Task: Write the data below out exactly as it stands. Do not include the pictures.

Exercise inputs below:

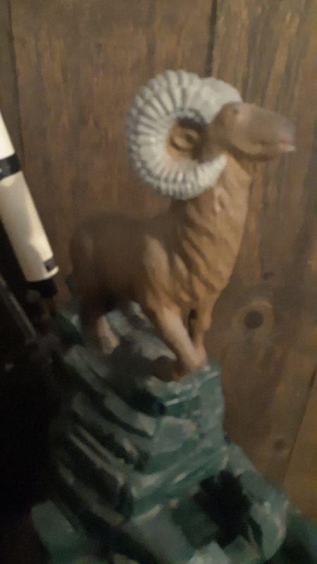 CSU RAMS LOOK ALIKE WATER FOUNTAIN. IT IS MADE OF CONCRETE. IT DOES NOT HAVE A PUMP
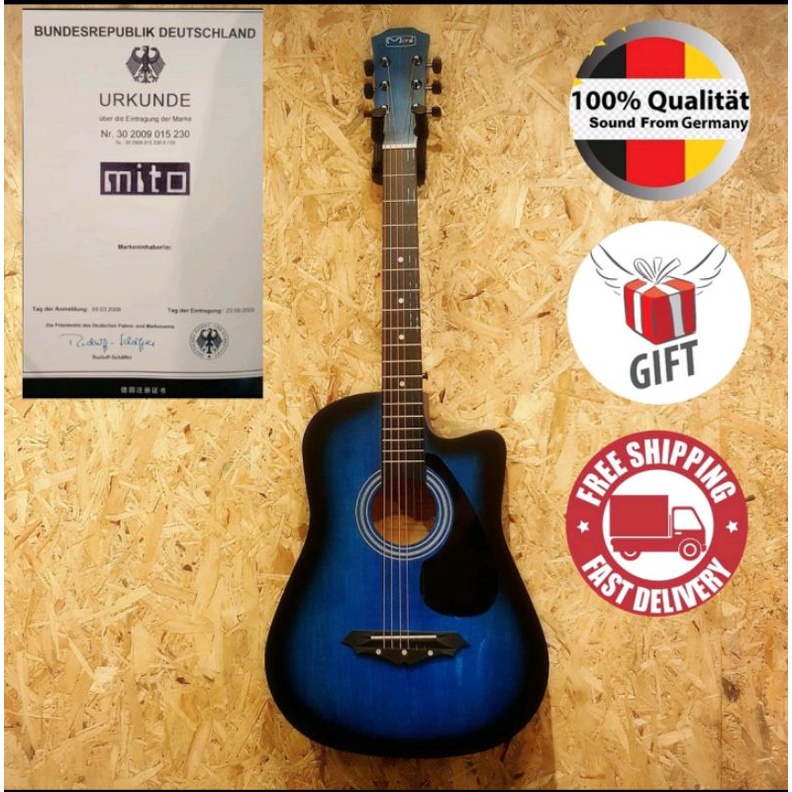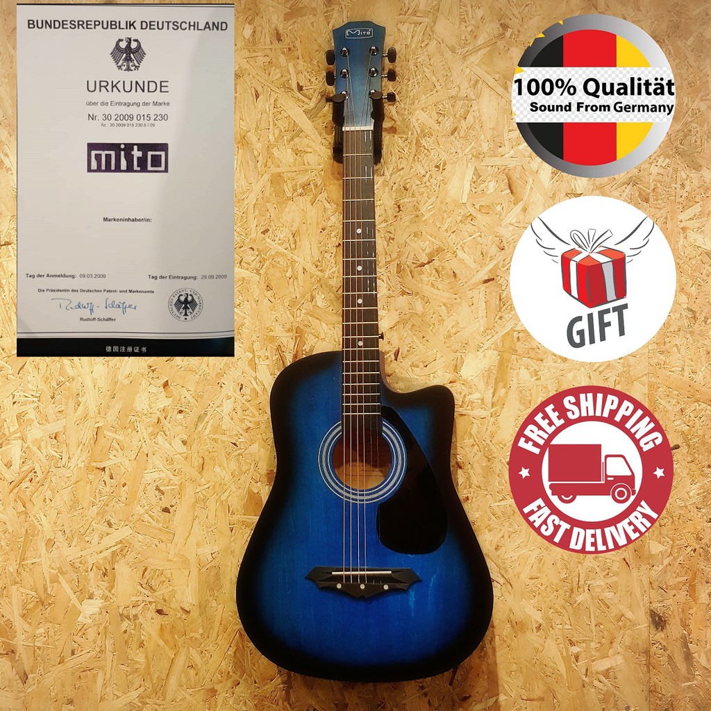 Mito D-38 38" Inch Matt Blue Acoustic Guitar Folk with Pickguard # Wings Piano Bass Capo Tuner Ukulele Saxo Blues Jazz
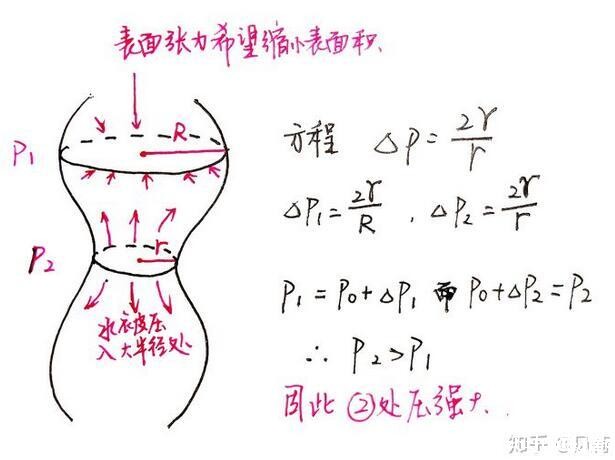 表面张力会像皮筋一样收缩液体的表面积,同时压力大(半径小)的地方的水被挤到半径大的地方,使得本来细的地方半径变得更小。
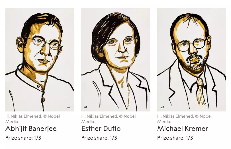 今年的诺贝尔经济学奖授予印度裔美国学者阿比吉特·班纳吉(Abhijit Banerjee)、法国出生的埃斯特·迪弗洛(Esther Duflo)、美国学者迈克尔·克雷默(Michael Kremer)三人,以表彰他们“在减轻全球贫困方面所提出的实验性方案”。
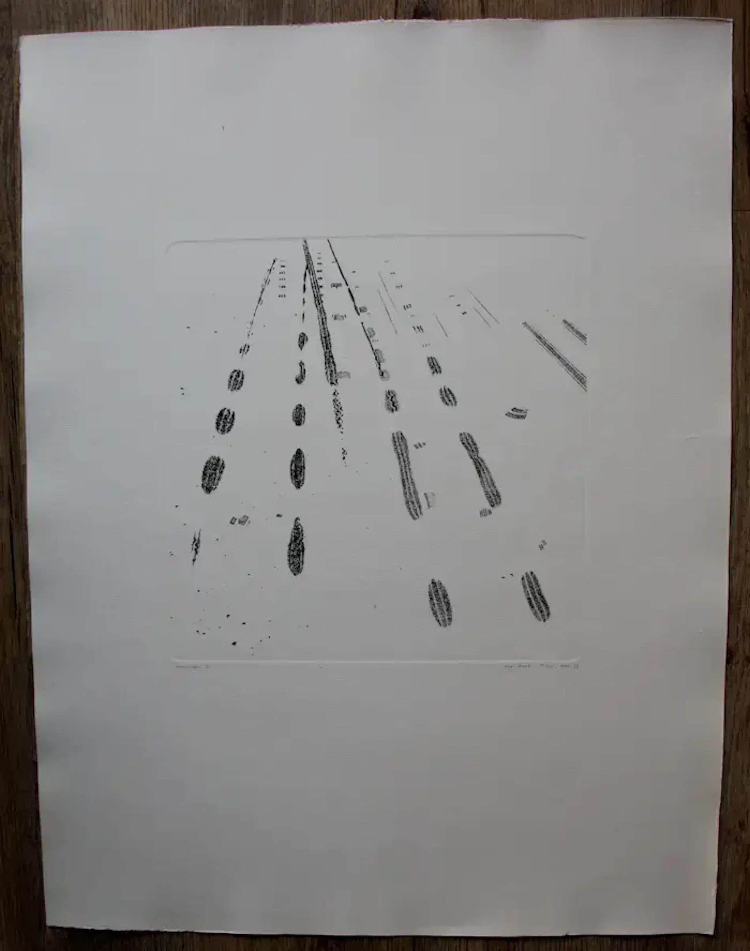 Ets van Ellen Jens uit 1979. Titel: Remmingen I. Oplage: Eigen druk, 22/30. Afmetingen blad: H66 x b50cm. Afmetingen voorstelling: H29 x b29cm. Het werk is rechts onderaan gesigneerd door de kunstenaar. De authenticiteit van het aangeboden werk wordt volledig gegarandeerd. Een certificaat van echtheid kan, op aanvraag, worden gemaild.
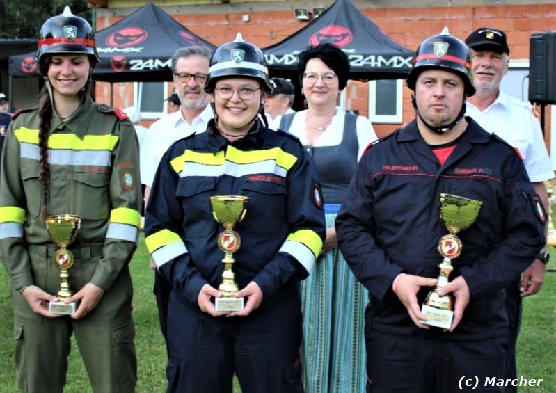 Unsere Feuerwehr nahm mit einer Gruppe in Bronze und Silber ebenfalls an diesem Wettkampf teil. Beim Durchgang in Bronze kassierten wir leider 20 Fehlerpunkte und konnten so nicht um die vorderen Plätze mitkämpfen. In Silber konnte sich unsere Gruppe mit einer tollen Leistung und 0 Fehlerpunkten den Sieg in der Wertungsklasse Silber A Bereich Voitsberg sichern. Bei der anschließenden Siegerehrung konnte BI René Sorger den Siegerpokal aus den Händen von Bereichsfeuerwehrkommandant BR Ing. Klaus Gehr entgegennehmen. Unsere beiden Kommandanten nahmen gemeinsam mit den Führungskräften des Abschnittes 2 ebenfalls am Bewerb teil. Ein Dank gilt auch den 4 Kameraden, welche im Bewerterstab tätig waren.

End of Exercise inputs.

Problem solution:
 CSU RAMS LOOK ALIKE WATER FOUNTAIN. IT IS MADE OF CONCRETE. IT DOES NOT HAVE A PUMP
 Mito D-38 38" Inch Matt Blue Acoustic Guitar Folk with Pickguard # Wings Piano Bass Capo Tuner Ukulele Saxo Blues Jazz
 表面张力会像皮筋一样收缩液体的表面积,同时压力大(半径小)的地方的水被挤到半径大的地方,使得本来细的地方半径变得更小。
 今年的诺贝尔经济学奖授予印度裔美国学者阿比吉特·班纳吉(Abhijit Banerjee)、法国出生的埃斯特·迪弗洛(Esther Duflo)、美国学者迈克尔·克雷默(Michael Kremer)三人,以表彰他们“在减轻全球贫困方面所提出的实验性方案”。
 Ets van Ellen Jens uit 1979. Titel: Remmingen I. Oplage: Eigen druk, 22/30. Afmetingen blad: H66 x b50cm. Afmetingen voorstelling: H29 x b29cm. Het werk is rechts onderaan gesigneerd door de kunstenaar. De authenticiteit van het aangeboden werk wordt volledig gegarandeerd. Een certificaat van echtheid kan, op aanvraag, worden gemaild.
 Unsere Feuerwehr nahm mit einer Gruppe in Bronze und Silber ebenfalls an diesem Wettkampf teil. Beim Durchgang in Bronze kassierten wir leider 20 Fehlerpunkte und konnten so nicht um die vorderen Plätze mitkämpfen. In Silber konnte sich unsere Gruppe mit einer tollen Leistung und 0 Fehlerpunkten den Sieg in der Wertungsklasse Silber A Bereich Voitsberg sichern. Bei der anschließenden Siegerehrung konnte BI René Sorger den Siegerpokal aus den Händen von Bereichsfeuerwehrkommandant BR Ing. Klaus Gehr entgegennehmen. Unsere beiden Kommandanten nahmen gemeinsam mit den Führungskräften des Abschnittes 2 ebenfalls am Bewerb teil. Ein Dank gilt auch den 4 Kameraden, welche im Bewerterstab tätig waren.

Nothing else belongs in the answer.